Here are the jump scares, third-act revelations and just plain crazy moments in horror that made us exclaim “Oh shit!” (or perhaps something even a little bit stronger). Brace yourselves!
25. Alien chest burst in “Alien” (1979)
How great would it be to go back to a time before the world was intimately familiar with the “chest-bursting” of the “Alien” movies and see poor John Hurt ruin everyone’s dinner for the very first time? How amazing it must’ve been to be sitting in a movie theater on opening night of Ridley Scott’s now-classic sci-fi horror film and see this scene with a crowd that had absolutely no idea what was coming. Due to all of the “Alien” sequels (and the unfortunate “Alien vs. Predator” spin-offs), we now barely even flinch when a “chest-bursting” happens, but back in the summer of 1979, audiences were as speechless as the cast.

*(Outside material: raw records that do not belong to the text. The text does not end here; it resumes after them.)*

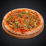 Состав: соус томатный, сыр моцарелла, куриное филе, ветчина индейки, помидоры, лук красный, маслины, перец болгарский, перец халапеньо.
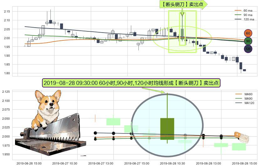 形态多维评估: ⚀ 2019-08-28 09:30:00小时显现 60小时-90小时-120小时均线 【断头铡刀】卖出点 看空信号,后市看跌,卖出
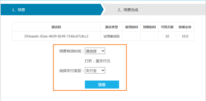 (2)按照提示选择续费有效时间及支付方式→点击【续费】
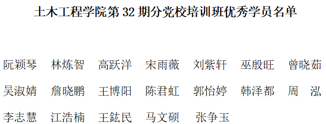 为深入学习贯彻习近平新时代中国特色社会主义思想,认真落实“不忘初心、牢记使命”主题教育的相关要求,进一步提升肉便器 党建工作水平,夯实肉便器 党建工作的基础,根据《关于举办福州大学党校肉便器 分党校第32期入党积极分子培训班的通知》(土木委〔2020〕43号),经个人申请、分党校考核,院党委研究,决定授予阮颖琴等19名学员肉便器 第32期入党积极分子培训班 “优秀学员”称号。
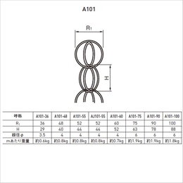 A101-36〜100 スタンダード 丸線 銅、真鍮、ステンレス ・リングを連結したスタンダード商品でオーソドックスな万能型です。 [色]ステンレス [品番/呼称]A101-48 [サイズ]L3000mm [mあたり重量]約0.8kg ●R1:48、H:40、線径Φ:4

24. “I know who I am!” in “Angel Heart” (1986)
Sure, you knew that Robert De Niro was the devil the whole time, with or without Mickey Rourke’s groan-inducing “Lou Cypher. Lucifer” line. But what you probably didn’t know was that Johnny Favorite, the long-lost musician who owes his soul to Satan, and Harry Angel, the seedy private investigator hired by the Prince of Darkness himself to track Johnny down, were the same person. This final revelation forced a considerable re-evaluation of all the film’s previous events – and certainly made that crazy sex scene with Lisa Bonet even more gross and a lot less hot.
23. Ending of “The Blair Witch Project” (1999)
What is this house? Who lives in it? Why won’t Michael respond to Heather’s cries shortly after disappearing from her view? Oh my god – why is Michael facing the wall … kind of in the way described in that earlier story we heard? Oh my god, why did Heather fall down? HAS THE WORLD GONE MAD? So much for sleeping a wink during the second half the summer of ’99 … and, for some, beyond.
22. Sink kill in “The Blob” (1988)
“What is this?” It’s the Blob, you fool! The underrated 1988 remake of the ’50s B-movie creature feature had the benefit of being a product of the go-for-broke ’80s, a decade in which horror filmmakers didn’t let limited resources (no CGI yet) keep them from exploring the most over-the-top indulgences of their twisted imaginations. Because of “The Blob,” we all know that the best thing to do if a sink is clogged is to walk away … to the next town. Bonus bit: Kevin Dillon exclaiming “Don’t touch him!” upon witnessing the poor dude getting sucked down the drain. Don’t worry, fella – we won’t.
21. Basketball kill in “Deadly Friend” (1986)
Anne Ramsey’s gig in-between “The Goonies” (1985) and “Throw Momma From the Train” (1987) was Wes Craven’s hey-why-not B-movie that feels like one big decompression from the fact that his “Nightmare on Elm Street” has become a series dictated by box office success and not by his own creative control. “Deadly Friend” stars Kristy Swanson as the murdered girl next door brought back to life by via a computer brain that used to be inside a robot dog (yeah). Zombie robot girls can do lots of cool things, like throw basketballs really, really hard at people’s heads.